SEC is all about constant paper work instead of really focusing on the matter at hand. We are there for the children. Their needs and benefits! NOT to prove a point to SEC on how I can spend my own out of pocket money to make the children and staff happy by bribing them with gifts. Or getting the paper work done to prove you’ve done the work. There are also way too many people in leading roles when they haven’t a clue of how to run things and what’s going on. They can’t even help and guide teachers in a correct mannor because they don’t know themselves what is needed. The last thing I need to vent is giving teachers a 45 day summer break after busting out rumps for an entire year is NOT enough! It’s totally unfair. Some summer breaks in the past weren’t even given a full 45 days vacation. Students go on summer break and teachers go to school an entire 1.5 months when no students are there. Most of the time they sit around eating and talking the entire day.

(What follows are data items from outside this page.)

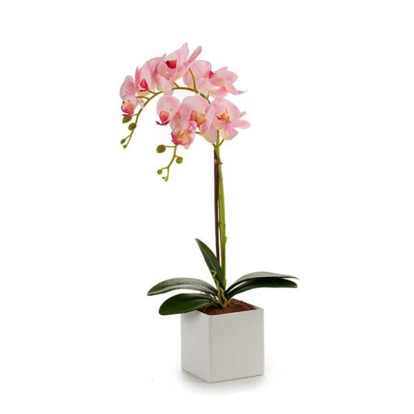 Dale un toque de elegancia y frescura a cualquier espacio con esta orquídea artificial con maceta cuadrada en color blanco. Su diseño realista y sofisticado la convierte en la opción perfecta para decorar el hogar, la oficina o cualquier ambiente sin preocuparte por el mantenimiento. Con una altura de 51 cm, esta orquídea es ideal para colocar sobre mesas, estanterías o recibidores, aportando un estilo natural y moderno.
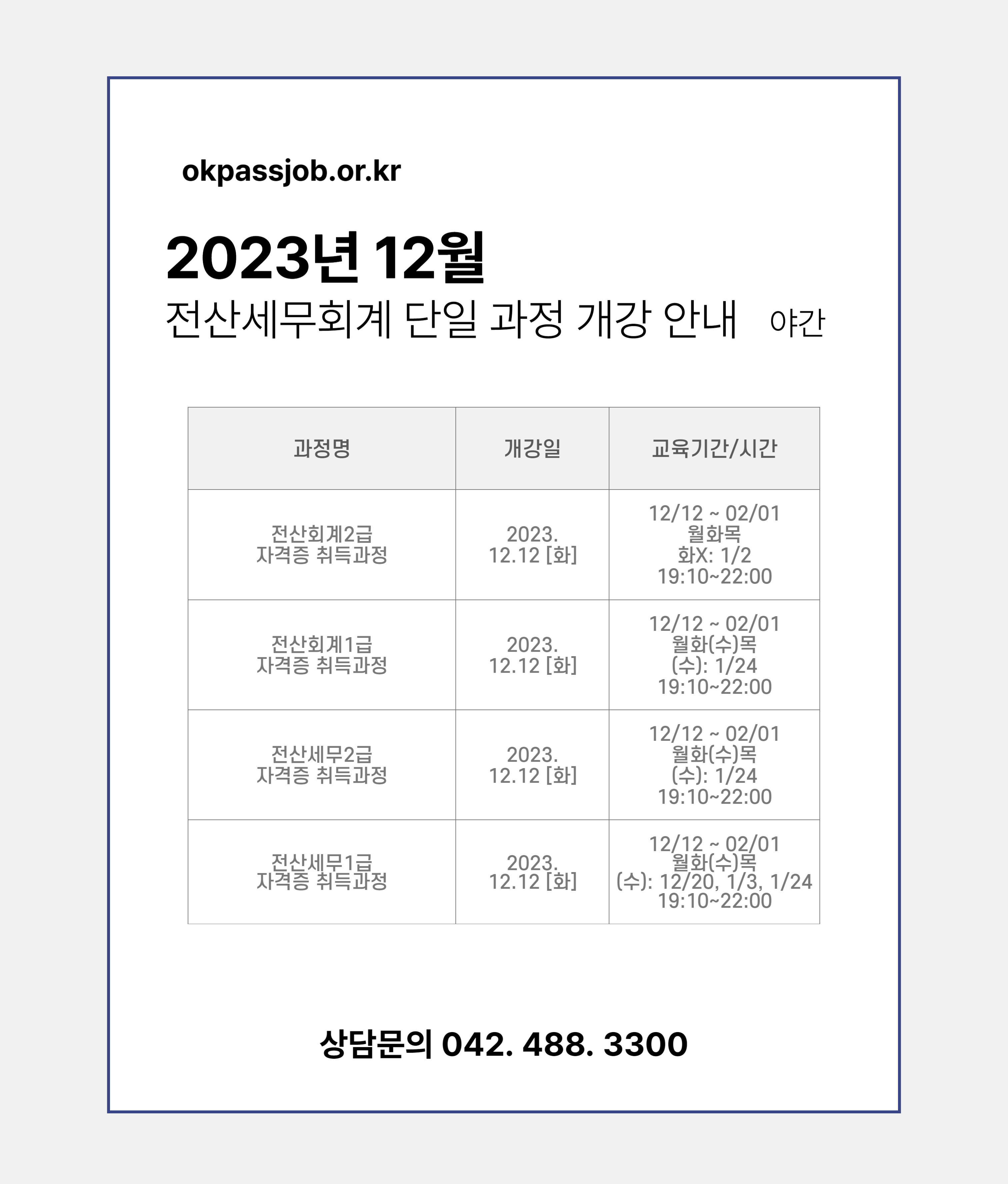 2023년 12월 전산세무회계 단과과정을 아래와 같이 개설합니다.
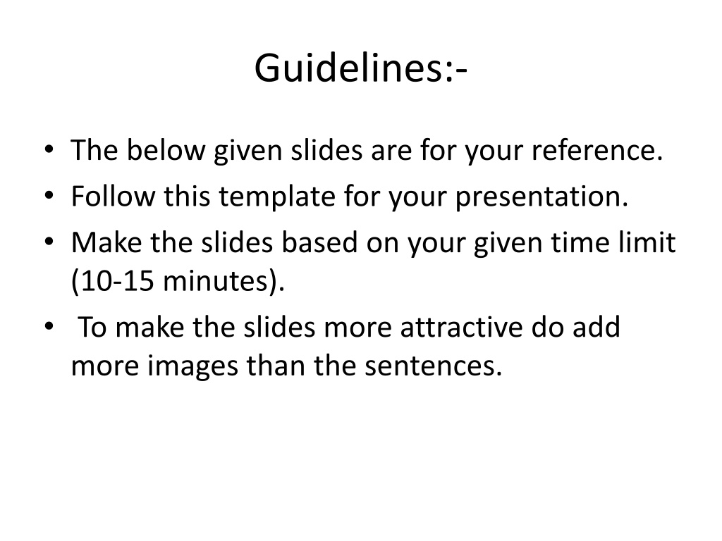Guidelines:- The below given slides are for your reference. Follow this template for your presentation. Make the slides based on your given time limit (10-15 minutes). To make the slides more attractive do add more images than the sentences.
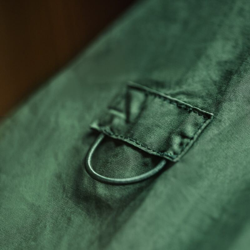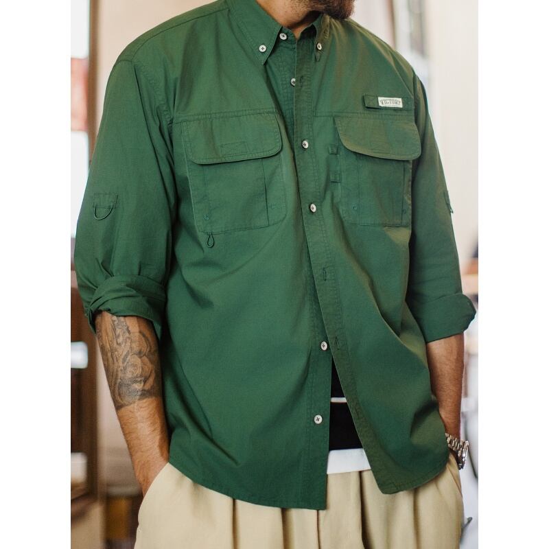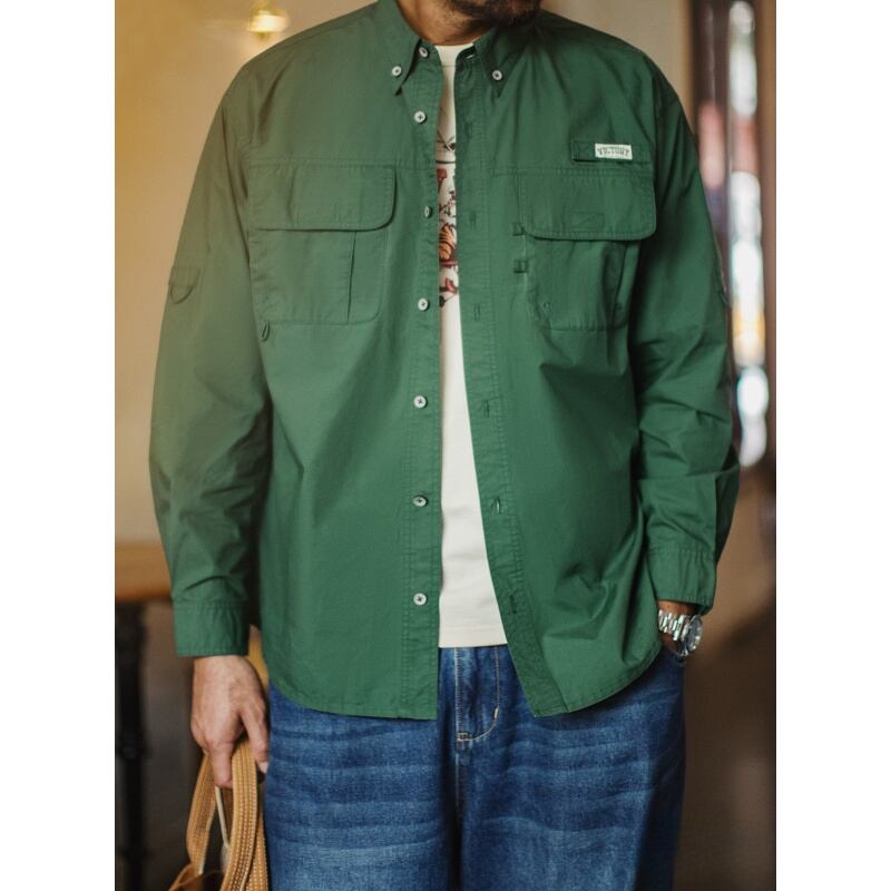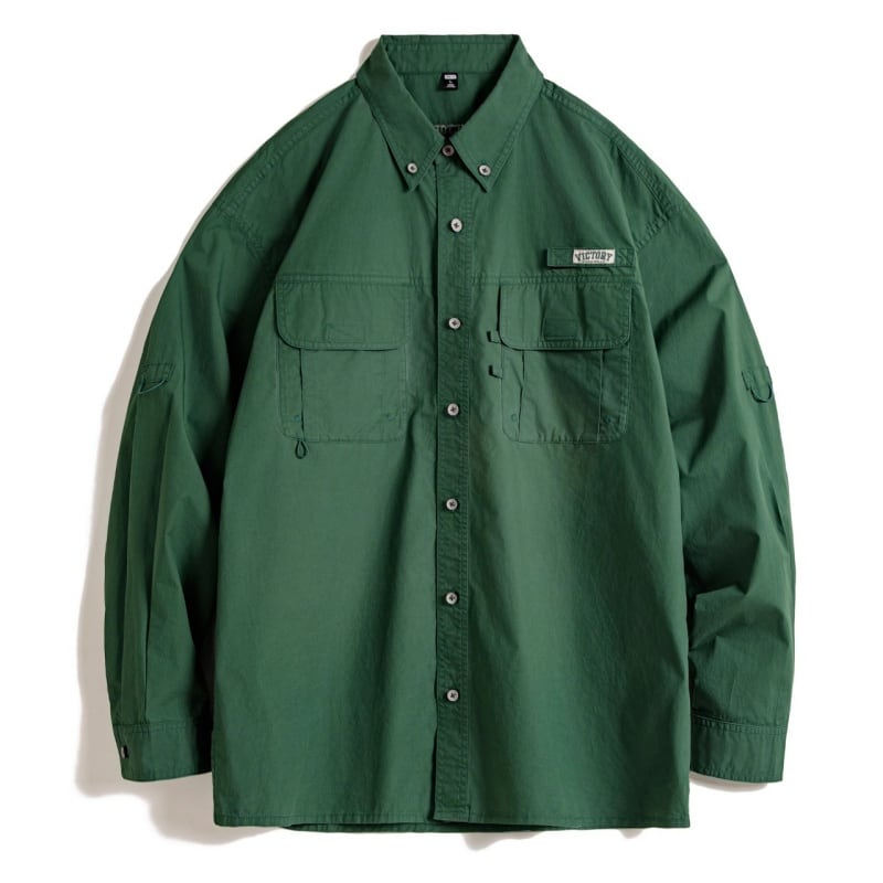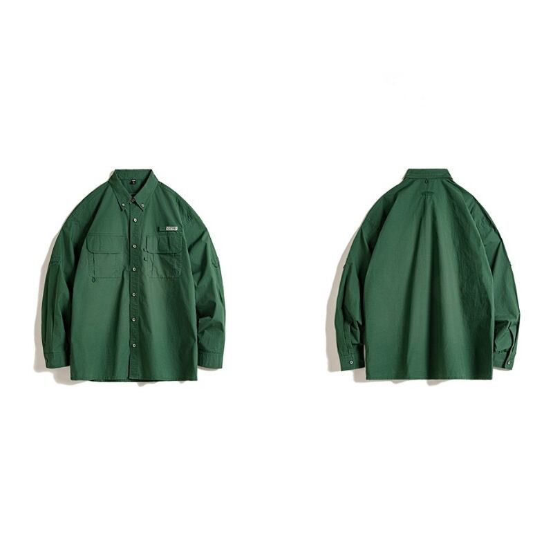 胸元の大きなフラップポケットやボタンダウン襟が、機能性とデザイン性を両立。

Sone strict schools make the teachers give workshops the entire time or get this, clean rooms and move furniture around, decorate for the next school year, then change their minds only to have teachers the following week take all decor etc. back down and decorate yet again right before the beginning of the next scholastic year. Since teachers have to be at school a full 2 weeks before students return. It’s pointless! Most of the time teachers don’t do anything of real value and should instead be home with their own children who are out on summer break. Some take naps. They take away the internet the last week of students coming to school to insure that teachers will not be using it for their own personal gain. However, SEC still needs final reports etc. to be done and sent in. I can go on until next year! Sore subject! All because some people in other jobs and professions thought it was unfair that teachers were given 2.5 months vacation when they only were given 45 days throughout the year. Come on. That’s the only true benefit teachers get. That’s basically a thanks to us fir taking care of your kids and teaching them throughout the year. Besides, we HAVE to take our vacation then. We don’t get the privillage of choosing when and what month we’d like to take our vacation in. We’re always stuck taking our vacation in the summer when school is out.